POJ 2117 Electricity(无向图割点)

题意：给一个无向图，问去掉任意一个点之后最多能有多少个连通分支

思路：求原来图的连通分支数+割点数，在模板上修改一点就好了，转一个挺不错的解释：

在dfs的时候，我们用cut[i]==X表示在dfs树中当i节点被删除时，i节点的X个儿子被切割开来(可以认为cut[i]是i节点与它的儿子连接的桥边的数目)。注意：如果i是根且其儿子只有1个,虽然i不是割点,cut[i]依然=1。如果i节点非割点,那么cut[i]=0。如果i是割点，那么cut[i]就是i被删除后将割出来的儿子数目。

然后我们求出了每个点的cut[i]值，即i点被删除，会有cut[i]个儿子树被割出来。如果i是dfs树的非根节点，那么cut[i]== 切除i之后增加的连通分量数目。如果i是dfs树的根节点，那么cut[i]-1才是切除i之后增加的连通分量数目(想想是不是)。

如果原始cut[i]=0,表示i是孤立的一点,此时cut[i]-1=-1.

如果原始cut[i]=1,表示i为根且有一个儿子,此时cut[i]-1=0.

如果原始cut[i]>=2,表示i为根且分割了>=2个儿子,此时cut[i]-1>=1.

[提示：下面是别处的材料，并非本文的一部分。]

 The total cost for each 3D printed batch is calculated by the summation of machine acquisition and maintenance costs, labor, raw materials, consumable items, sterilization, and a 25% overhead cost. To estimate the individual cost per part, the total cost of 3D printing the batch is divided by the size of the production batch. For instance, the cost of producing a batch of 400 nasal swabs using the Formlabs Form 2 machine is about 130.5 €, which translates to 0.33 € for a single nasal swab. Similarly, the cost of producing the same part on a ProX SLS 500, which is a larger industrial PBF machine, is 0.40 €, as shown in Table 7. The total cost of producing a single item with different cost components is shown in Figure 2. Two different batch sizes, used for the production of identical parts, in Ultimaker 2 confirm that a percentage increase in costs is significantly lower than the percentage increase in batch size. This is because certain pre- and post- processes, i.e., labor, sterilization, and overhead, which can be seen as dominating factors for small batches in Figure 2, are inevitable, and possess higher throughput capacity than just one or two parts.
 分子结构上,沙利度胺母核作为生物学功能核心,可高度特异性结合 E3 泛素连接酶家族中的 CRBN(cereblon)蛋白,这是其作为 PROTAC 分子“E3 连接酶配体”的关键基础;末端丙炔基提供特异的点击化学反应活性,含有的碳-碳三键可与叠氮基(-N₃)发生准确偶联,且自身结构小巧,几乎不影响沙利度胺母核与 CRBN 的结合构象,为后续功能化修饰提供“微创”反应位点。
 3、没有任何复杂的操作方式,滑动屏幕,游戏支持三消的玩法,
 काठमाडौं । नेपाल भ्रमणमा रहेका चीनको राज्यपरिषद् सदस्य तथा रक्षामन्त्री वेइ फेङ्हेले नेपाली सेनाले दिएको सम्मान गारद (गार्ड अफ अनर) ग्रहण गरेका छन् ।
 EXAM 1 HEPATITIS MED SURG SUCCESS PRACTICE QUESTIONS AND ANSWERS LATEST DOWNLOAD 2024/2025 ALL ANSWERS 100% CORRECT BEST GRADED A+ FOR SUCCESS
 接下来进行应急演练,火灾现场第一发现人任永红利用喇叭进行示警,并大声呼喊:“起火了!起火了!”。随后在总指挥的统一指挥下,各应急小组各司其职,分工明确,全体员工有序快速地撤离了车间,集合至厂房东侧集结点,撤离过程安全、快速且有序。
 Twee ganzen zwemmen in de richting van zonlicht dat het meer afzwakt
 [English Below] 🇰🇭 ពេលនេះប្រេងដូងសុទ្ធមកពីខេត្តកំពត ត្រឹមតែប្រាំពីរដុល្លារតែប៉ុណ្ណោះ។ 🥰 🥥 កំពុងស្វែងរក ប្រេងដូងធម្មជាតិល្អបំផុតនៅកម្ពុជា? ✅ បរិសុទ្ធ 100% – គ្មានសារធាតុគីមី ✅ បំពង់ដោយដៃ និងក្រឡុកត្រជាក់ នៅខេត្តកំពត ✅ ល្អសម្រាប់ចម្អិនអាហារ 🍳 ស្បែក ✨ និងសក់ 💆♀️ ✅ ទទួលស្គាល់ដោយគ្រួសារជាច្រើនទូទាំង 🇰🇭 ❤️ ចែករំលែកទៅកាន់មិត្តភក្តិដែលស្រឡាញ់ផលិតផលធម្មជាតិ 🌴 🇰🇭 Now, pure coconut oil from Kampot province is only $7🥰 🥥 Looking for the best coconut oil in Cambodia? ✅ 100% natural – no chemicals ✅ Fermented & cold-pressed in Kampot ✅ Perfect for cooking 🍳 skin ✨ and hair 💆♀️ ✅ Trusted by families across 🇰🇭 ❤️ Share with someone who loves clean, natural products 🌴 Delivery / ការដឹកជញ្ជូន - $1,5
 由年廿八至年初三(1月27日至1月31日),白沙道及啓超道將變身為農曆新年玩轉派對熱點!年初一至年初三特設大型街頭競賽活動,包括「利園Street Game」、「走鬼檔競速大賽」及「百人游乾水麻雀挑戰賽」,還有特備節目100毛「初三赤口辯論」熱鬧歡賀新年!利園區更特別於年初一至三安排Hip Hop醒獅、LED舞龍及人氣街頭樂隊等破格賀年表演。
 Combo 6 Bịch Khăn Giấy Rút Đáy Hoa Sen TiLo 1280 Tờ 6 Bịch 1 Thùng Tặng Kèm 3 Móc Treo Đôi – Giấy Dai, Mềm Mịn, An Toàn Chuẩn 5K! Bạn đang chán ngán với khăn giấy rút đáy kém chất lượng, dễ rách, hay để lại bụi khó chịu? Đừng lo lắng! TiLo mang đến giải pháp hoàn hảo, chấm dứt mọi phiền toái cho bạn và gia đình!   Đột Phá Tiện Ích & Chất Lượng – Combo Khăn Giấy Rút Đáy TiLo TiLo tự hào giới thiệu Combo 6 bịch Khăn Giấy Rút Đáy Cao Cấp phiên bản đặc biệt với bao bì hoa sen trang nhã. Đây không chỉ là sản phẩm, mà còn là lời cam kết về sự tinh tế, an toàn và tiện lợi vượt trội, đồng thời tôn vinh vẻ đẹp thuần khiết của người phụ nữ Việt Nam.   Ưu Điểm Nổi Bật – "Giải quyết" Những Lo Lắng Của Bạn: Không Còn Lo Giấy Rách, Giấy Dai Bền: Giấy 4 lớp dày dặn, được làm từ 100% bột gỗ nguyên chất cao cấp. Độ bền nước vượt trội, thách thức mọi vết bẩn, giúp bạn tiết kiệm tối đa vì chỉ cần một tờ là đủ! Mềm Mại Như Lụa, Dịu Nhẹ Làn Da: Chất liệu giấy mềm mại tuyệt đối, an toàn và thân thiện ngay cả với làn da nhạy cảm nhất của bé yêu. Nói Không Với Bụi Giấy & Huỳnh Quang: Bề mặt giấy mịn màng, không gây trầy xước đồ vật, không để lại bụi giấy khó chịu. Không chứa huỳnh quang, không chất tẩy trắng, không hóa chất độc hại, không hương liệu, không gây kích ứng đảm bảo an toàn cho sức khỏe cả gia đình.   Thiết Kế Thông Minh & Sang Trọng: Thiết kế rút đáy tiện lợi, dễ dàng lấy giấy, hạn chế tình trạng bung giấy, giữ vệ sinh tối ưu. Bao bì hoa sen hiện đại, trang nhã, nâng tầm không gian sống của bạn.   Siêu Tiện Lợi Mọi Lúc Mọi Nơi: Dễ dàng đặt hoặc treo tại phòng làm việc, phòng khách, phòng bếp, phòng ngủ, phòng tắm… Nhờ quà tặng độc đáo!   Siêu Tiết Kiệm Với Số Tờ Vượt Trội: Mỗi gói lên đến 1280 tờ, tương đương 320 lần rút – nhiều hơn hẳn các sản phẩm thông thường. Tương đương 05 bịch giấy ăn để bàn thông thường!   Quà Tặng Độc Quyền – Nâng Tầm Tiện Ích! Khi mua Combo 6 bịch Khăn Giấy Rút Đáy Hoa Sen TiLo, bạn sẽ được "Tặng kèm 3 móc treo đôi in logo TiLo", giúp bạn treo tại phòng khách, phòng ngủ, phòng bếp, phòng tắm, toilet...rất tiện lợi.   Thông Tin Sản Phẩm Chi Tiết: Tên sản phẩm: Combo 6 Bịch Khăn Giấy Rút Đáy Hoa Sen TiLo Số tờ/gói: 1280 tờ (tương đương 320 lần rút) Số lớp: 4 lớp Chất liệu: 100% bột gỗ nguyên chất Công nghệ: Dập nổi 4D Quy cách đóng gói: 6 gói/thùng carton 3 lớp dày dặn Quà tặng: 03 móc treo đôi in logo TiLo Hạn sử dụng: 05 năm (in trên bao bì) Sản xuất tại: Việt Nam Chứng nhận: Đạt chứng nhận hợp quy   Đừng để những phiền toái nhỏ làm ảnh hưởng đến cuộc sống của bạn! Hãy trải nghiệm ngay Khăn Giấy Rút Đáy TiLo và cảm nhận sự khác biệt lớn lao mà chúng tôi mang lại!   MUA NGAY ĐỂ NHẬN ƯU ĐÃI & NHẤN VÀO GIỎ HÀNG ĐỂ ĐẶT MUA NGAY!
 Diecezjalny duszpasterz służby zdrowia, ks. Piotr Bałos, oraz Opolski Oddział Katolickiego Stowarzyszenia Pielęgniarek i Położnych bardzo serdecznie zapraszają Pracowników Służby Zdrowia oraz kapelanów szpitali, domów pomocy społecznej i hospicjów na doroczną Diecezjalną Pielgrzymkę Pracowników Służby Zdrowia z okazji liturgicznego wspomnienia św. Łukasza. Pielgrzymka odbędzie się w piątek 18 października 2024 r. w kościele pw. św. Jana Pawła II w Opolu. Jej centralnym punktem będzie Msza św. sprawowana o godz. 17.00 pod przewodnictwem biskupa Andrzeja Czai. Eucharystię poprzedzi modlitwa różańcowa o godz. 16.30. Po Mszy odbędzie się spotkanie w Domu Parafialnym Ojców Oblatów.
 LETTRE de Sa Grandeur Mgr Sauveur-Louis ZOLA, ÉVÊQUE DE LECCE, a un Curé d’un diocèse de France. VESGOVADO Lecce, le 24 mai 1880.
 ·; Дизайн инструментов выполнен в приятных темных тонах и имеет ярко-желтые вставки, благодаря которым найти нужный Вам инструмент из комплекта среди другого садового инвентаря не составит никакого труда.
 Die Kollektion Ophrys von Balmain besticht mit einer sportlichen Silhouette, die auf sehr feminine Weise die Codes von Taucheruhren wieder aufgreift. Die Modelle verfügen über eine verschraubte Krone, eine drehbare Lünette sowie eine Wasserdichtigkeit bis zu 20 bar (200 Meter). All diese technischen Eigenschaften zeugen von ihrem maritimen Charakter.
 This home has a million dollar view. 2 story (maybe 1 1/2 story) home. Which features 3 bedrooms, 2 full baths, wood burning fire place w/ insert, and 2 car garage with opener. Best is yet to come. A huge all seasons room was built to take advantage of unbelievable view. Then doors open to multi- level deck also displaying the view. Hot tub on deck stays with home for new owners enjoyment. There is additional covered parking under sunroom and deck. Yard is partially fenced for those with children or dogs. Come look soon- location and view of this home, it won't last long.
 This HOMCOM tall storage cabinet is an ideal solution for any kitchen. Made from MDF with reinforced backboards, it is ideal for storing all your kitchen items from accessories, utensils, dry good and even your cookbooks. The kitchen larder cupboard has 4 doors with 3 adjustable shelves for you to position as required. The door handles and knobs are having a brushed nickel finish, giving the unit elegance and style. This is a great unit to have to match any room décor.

我个人理解为cnt[i]为切掉该点新生成的子树个数，为什么要减一呢，因为切掉之后是原本就有原图的那一个连通块包含在里面了，所以减一。

#include <cstdio>
#include <queue>
#include <cstring>
#include <iostream>
#include <cstdlib>
#include <algorithm>
#include <vector>
#include <map>
#include <string>
#include <set>
#include <ctime>
#include <cmath>
#include <cctype>
using namespace std;
#define maxn 100005
#define LL long long
int cas=1,T;
int n,m;
int sum = 0;
int dfs_clock;            //时钟，每访问一个结点增1
vector<int>G[maxn];       //图
int pre[maxn];            //pre[i]表示i结点被第一次访问到的时间戳，若pre[i]==0表示还未被访问
int low[maxn];            //low[i]表示i结点及其后代能通过反向边连回的最早的祖先的pre值
bool iscut[maxn];         //标记i结点是不是一个割点
int cut[maxn];            //切割这个结点后把连通块切成多少份
//求出以u为根节点（u在DFS树中的父节点是fa）的树的所有割点和桥
//初始调用dfs(root,-1)
int dfs(int u,int fa)
{
int lowu=pre[u]=++dfs_clock;
int child = 0;                //子结点数目
for (int i = 0;i<G[u].size();i++)
{
int v = G[u][i];
if (!pre[v])
{
child++;              //未访问过的结点才能算是u的孩子
int lowv = dfs(v,u);
lowu = min(lowu,lowv);
if (lowv >=pre[u])
{
iscut[u]=1;           //u是割点
cut[u]++;
//	if (lowv > pre[u])       //(u,v)边时桥
//		printf("qiao")
}
}
else if (pre[v] <pre[u] && v!=fa)  //v!=fa确保了(u,v)是从u到v的反向边
{
lowu = min(lowu,pre[v]);
}
}
if (fa < 0 && child == 1)
iscut[u]=0;             //若u是根且孩子数<=1，那么u就不是割点
return low[u]=lowu;
}
void init()
{
dfs_clock = 0;
sum=0;
memset(pre,0,sizeof(pre));
memset(iscut,0,sizeof(iscut));
memset(cut,0,sizeof(cut));
for (int i = 0;i<=n;i++)
G[i].clear();
}
int main()
{
while (scanf("%d%d",&n,&m)!=EOF && n)
{
init();
if (m==0)
{
printf("%d\n",n-1);
continue;
}
for (int i = 0;i<m;i++)
{
int u,v;
scanf("%d%d",&u,&v);
G[u].push_back(v);
G[v].push_back(u);
}
int ans = -100;
for (int i = 0;i<n;i++)
{
if (!pre[i])
{
sum++;
dfs(i,-1);
cut[i]--;
}
ans = max(ans,cut[i]);
}
/*	for (int i = 0;i<n;i++)
ans = max(ans,cut[i]);*/
printf("%d\n",ans+sum);
}
//freopen("in","r",stdin);
//scanf("%d",&T);
//printf("time=%.3lf",(double)clock()/CLOCKS_PER_SEC);
return 0;
}

Description

Blackouts and Dark Nights (also known as ACM++) is a company that provides electricity. The company owns several power plants, each of them supplying a small area that surrounds it. This organization brings a lot of problems - it often happens that there is
not enough power in one area, while there is a large surplus in the rest of the country.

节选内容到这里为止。